Directions: Below are the records; repeat exactly their lines between the line holding "Михаил Мишустин подписал" and the line holding "Un mariage simple, élégant", inclusive, skipping the pictures.

Records for the exercise:
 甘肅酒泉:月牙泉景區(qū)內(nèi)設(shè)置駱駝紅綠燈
* * *
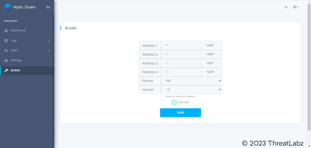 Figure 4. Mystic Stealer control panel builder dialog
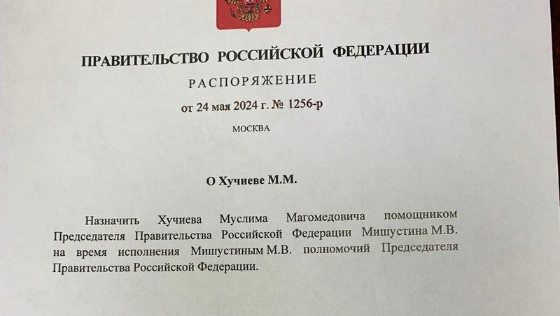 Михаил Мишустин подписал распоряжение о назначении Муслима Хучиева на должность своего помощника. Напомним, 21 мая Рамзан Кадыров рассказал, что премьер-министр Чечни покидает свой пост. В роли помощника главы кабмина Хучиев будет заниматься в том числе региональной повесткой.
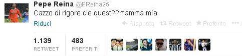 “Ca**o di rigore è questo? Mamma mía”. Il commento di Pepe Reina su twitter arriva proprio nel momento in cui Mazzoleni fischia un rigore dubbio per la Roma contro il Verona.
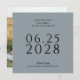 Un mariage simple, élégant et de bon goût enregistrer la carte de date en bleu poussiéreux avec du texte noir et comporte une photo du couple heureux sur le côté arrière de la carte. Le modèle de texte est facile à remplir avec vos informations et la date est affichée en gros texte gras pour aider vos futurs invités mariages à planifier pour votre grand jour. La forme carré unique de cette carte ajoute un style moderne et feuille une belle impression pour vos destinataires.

Answer space:
 Михаил Мишустин подписал распоряжение о назначении Муслима Хучиева на должность своего помощника. Напомним, 21 мая Рамзан Кадыров рассказал, что премьер-министр Чечни покидает свой пост. В роли помощника главы кабмина Хучиев будет заниматься в том числе региональной повесткой.
 “Ca**o di rigore è questo? Mamma mía”. Il commento di Pepe Reina su twitter arriva proprio nel momento in cui Mazzoleni fischia un rigore dubbio per la Roma contro il Verona.
 Un mariage simple, élégant et de bon goût enregistrer la carte de date en bleu poussiéreux avec du texte noir et comporte une photo du couple heureux sur le côté arrière de la carte. Le modèle de texte est facile à remplir avec vos informations et la date est affichée en gros texte gras pour aider vos futurs invités mariages à planifier pour votre grand jour. La forme carré unique de cette carte ajoute un style moderne et feuille une belle impression pour vos destinataires.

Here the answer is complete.